In January 2006, we completed a financing totaling U.S. $16.07 million (CDN. $18.4 million), before issue costs, with Rodman & Renshaw, LLC of New York acting as exclusive placement agent. The Company issued 10,572,368 units, each consisting of one common share and 0.25 of a warrant, at an issue price of U.S. $1.52. Each warrant entitles the holder thereof to purchase one common share of the Company at an exercise price of U.S. $2.50. The warrants have a 42 month term, from the date of closing, and a no-exercise period of six months. The financing closed at the end of January and was fully subscribed.
With this additional money in our treasury and the development program of Stimuvax(R) in the hands of Merck effective March 1, 2006, we are well positioned to begin further development of our follow-on vaccine, BGLP40, and assessing potential in-licensing opportunities. We are excited about the challenges of seeking new business and development opportunities as we move forward with a focus on building additional shareholder value through the development of a pipeline for the future of the Company.
Results of Operations
Financial results for the three months ended March 31, 2006 reflect a consolidated net loss from operations of $5.8 million or $0.07 per share compared to $4.4 million or $0.06 per share for the same period in 2005. The increased net loss of $1.4 million in 2006 arises from lower revenues of $0.4 million and lower investment and other income $0.2 million, combined with increases in research and development expenditures of $0.4 million and general and administrative expenses of $0.4 million. The increase in expenses primarily relates to workforce reduction costs of $1.4 million partially offset by decreased clinical expenditures in anticipation of finalizing the amendments to the agreements governing the collaboration with Merck for Stimuvax(R).
Revenues
Contract research and development revenue for the three months ended March 31, 2006, totalling $0.3 million compared to $0.6 million for the same period in 2005, represents contract research and development funding received from Merck KGaA associated with Stimuvax(R). The decrease in revenues is attributable to decreased clinical expenditures in anticipation of finalizing the amendments to the agreements governing the collaboration with Merck for Stimuvax(R).
Licensing revenues from collaborative arrangements for the three months ended March 31, 2006, totalling $0.1 million compared to $0.1 million for the same period in 2005, represents the amortization of upfront payments received from Merck KGaA and an upfront sub-licensing fee from Cancer Vac upon commencement of the respective collaborations.

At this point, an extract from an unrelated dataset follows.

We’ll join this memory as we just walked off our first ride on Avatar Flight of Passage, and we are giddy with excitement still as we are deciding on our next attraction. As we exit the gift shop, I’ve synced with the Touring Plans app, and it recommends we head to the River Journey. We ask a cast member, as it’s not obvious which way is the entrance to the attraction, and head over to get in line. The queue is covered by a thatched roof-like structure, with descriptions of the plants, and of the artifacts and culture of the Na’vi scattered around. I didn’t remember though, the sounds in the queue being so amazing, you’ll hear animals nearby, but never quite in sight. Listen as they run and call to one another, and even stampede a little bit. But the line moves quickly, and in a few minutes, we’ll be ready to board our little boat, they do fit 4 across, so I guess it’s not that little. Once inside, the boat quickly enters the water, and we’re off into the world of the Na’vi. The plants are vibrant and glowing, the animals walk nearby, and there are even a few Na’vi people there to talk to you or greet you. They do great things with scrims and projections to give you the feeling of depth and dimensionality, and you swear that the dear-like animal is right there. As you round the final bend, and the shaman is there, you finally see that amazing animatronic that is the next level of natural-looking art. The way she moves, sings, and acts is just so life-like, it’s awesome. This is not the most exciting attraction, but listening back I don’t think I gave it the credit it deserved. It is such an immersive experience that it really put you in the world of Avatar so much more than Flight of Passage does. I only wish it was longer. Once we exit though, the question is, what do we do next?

Licensing, royalties and other revenue for the three months ended March 31, 2006, were $0.2 million less than the similar period in 2005. Licensing, royalties and other revenue relates to contract manufacturing activities utilizing various Biomira patented technologies and compounds for external customers.
Operating Expenses
Research and Development
Research and development expenditures for the three months ended March 31, 2006 totalled $4.0 million compared to $3.5 million for the same period in 2005. The increase of $0.5 million is primarily attributable to $1.2 million in workforce reduction costs partially offset by decreased clinical expenditures in anticipation of finalizing the amendments to the agreements governing the collaboration with Merck for Stimuvax(R).

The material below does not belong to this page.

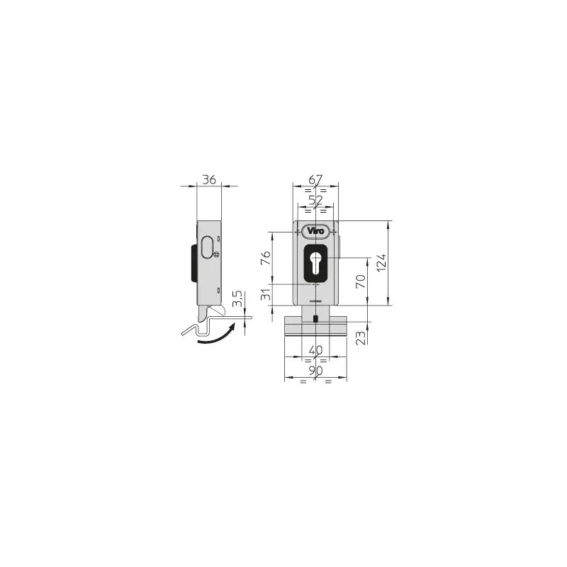 Elektrozámok VIRO 12V vertikálny pre krídlovú bránu nad 3m/krídlo

General and Administrative
General and administrative expenses for the three months ended March 31, 2006 totalled $2.1 million compared to $1.7 million for the same period in 2005. The increase of $0.4 million is primarily due to workforce reduction costs of $0.2 million and increased professional fees.
Marketing and Business Development
Marketing and business development expenditures for the three months ended March 31, 2006, totalling $0.2 million, was similar to the same period in 2005. Marketing and business development expenditures include corporate administrative expenses associated with these functions, as well as costs associated with licensing activities related to pre-clinical and early stage technologies.
Amortization
Amortization expense for the three months ended March 31, 2006, totalling $0.1 million, was similar to the same period in 2005. Amortization expense relates to facility leaseholds and equipment, certain licensing rights, and other assets.
Investment and Other Income
Investment and other income for the three months ended March 31, 2006, totalling $0.2 million, compared to $0.4 million for the same period in 2005, comprises income from cash and investments and foreign exchange gains and losses. The decrease of $0.2 million is primarily attributable to foreign exchange gains which were nil for the three months ended March 31, 2006 compared to $0.2 million for the same period in 2005.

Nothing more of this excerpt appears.